Non-GAAP Financial Measures

Tableau believes that the use of non-GAAP gross profit and gross margin, non-GAAP operating income (loss) and operating margin, non-GAAP net income (loss), non-GAAP net income (loss) per basic and diluted common share and free cash flow is helpful to its investors. These measures, which are referred to as non-GAAP financial measures, are not prepared in accordance with generally accepted accounting principles in the United States, or GAAP. Non-GAAP gross profit is calculated by excluding stock-based compensation expense and expense related to amortization of acquired intangible assets, each to the extent attributable to the cost of revenues, from gross profit. Non-GAAP gross margin is the ratio calculated by dividing non-GAAP gross profit by total revenues. Non-GAAP operating income (loss) is calculated by excluding stock-based compensation expense and expense related to amortization of acquired intangible assets from operating income (loss). Non-GAAP operating margin is the ratio calculated by dividing non-GAAP operating income (loss) by total revenues. Non-GAAP net income (loss) is calculated by excluding stock-based compensation expense, expense related to amortization of acquired intangible assets and non-GAAP income tax adjustments from net income (loss). Non-GAAP net income (loss) per basic and diluted common share is calculated by dividing non-GAAP net income (loss) by the basic and diluted weighted average shares outstanding. Non-GAAP diluted weighted average shares outstanding includes the effect of dilutive shares in periods of non-GAAP net income.

Non-GAAP financial information is adjusted for a tax rate equal to Tableau's estimated tax rate on non-GAAP income over a three-year financial projection. This long-term rate is based on Tableau's estimated annual GAAP income tax rate forecast, adjusted to account for items excluded from GAAP income in calculating the non-GAAP financial measures. To determine this long-term non-GAAP tax rate, Tableau evaluates a three-year financial projection that excludes the impact of non-cash stock-based compensation expense and expense related to amortization of acquired intangible assets. The long-term non-GAAP tax rate takes into account other factors including Tableau's current operating structure, its existing tax positions in various jurisdictions and key legislation in major jurisdictions where Tableau operates. The long-term non-GAAP tax rate applied to the year ended December 31, 2018 was 20%. The long-term non-GAAP tax rate applied to the year ended December 31, 2017 was 30%. Tableau applied these same non-GAAP tax rates to its financial results presented in accordance with ASC 606 and ASC 605. The long-term non-GAAP tax rates assume the Company's deferred income tax assets will be realized based upon projected future taxable income excluding stock-based compensation expense.
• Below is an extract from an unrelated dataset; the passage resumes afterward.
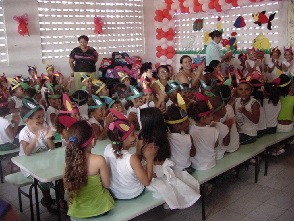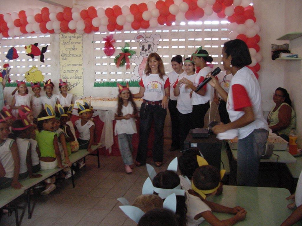 Várias escolas da rede municipal aproveitaram a última semana para juntos com seus alunos festejarem o renascimento de Jesus Cristo. A Páscoa foi representada aos alunos através de cartazes, leitura de textos e conversas em sala de aula sobre o tema, além é claro, de ovos de chocolate e coelhinhos. Uma das unidades a festejar a data foi a Escola Municipal de Educação Infantil Arthur Bispo do Rosário, localizada no conjunto Orlando Dantas. Cerca de 300 alunos da Arthur Bispo não somente aprenderam o significado deste ritual, como também foram presenteados com chocolate e kit´s escolares, presentes doados pela loja do G.Barbosa instalada na comunidade, que contou com o apoio da loja Hiper Sul em mais uma edição do projeto Integrando Escola e Comunidade. Cada loja da rede se torna responsável por uma instituição, seja de ensino ou filantrópica, que está inserida na comunidade. Claro que nosso objetivo final é ter uma maior interação, uma maior aproximação da comunidade, mas não esquecemos, no caso da Arthur Bispo, da importância que a educação possui neste contexto, acrescentou o gerente geral do projeto, Sérgio Alves de Aquino. A Escola vem trabalhando em regime de parceria com a loja há dois anos, antes mesmo de ser criado o instituto que leva o nome da rede de supermercados, e o projeto se tornar uma das vertentes da instituição. A coordenadora pedagógica da Emei, professora Josefa Valnira Rosenda Santos, destacou a importância do projeto, enquanto atividade alternativa para os alunos. Nossa preocupação maior não está no quantitativo de alunos e sim na freqüência deles à escola. Projetos como este estimula a criança não só no processo de aprendizagem, mas também, na possibilidade de sonhar e de ser um adulto mais feliz, mais sereno, pois teve na escola uma infância feliz e que lhe deu oportunidade em vivenciar todos os contos infantis, como o do coelhinho da Páscoa, já que por conta da difícil realidade não teriam isto em suas casas, afinal de contas, nossa clientela é residente no Bairro Santa Maria, declarou emocionada.

The Company anticipates using the long-term non-GAAP tax rate of 20%, applied to the year ended December 31, 2018, in future periods and may provide updates to this rate on an annual basis, or more frequently if material changes occur.
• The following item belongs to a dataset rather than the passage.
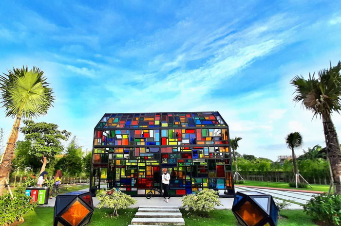 Bangunan mozaik yang ada di sini berbentuk layaknya rumah dengan atap segitiga. Dikelilingi tanaman dan rumput hijau, bangunan satu ini tampak menonjol dengan corak warna-warninya.

Because of varying available valuation methodologies, subjective assumptions and the variety of equity instruments that can impact a company's non-cash expenses, Tableau believes that providing non-GAAP financial measures that exclude stock-based compensation expense allow for meaningful comparisons between its operating results from period to period. The expense related to amortization of acquired intangible assets is dependent upon estimates and assumptions, which can vary significantly and are unique to each asset acquired; therefore, Tableau believes non-GAAP measures that adjust for the amortization of acquired intangible assets provides investors a consistent basis for comparison across accounting periods. All of these non-GAAP financial measures are important tools for financial and operational decision-making and for evaluating Tableau's own operating results over different periods of time.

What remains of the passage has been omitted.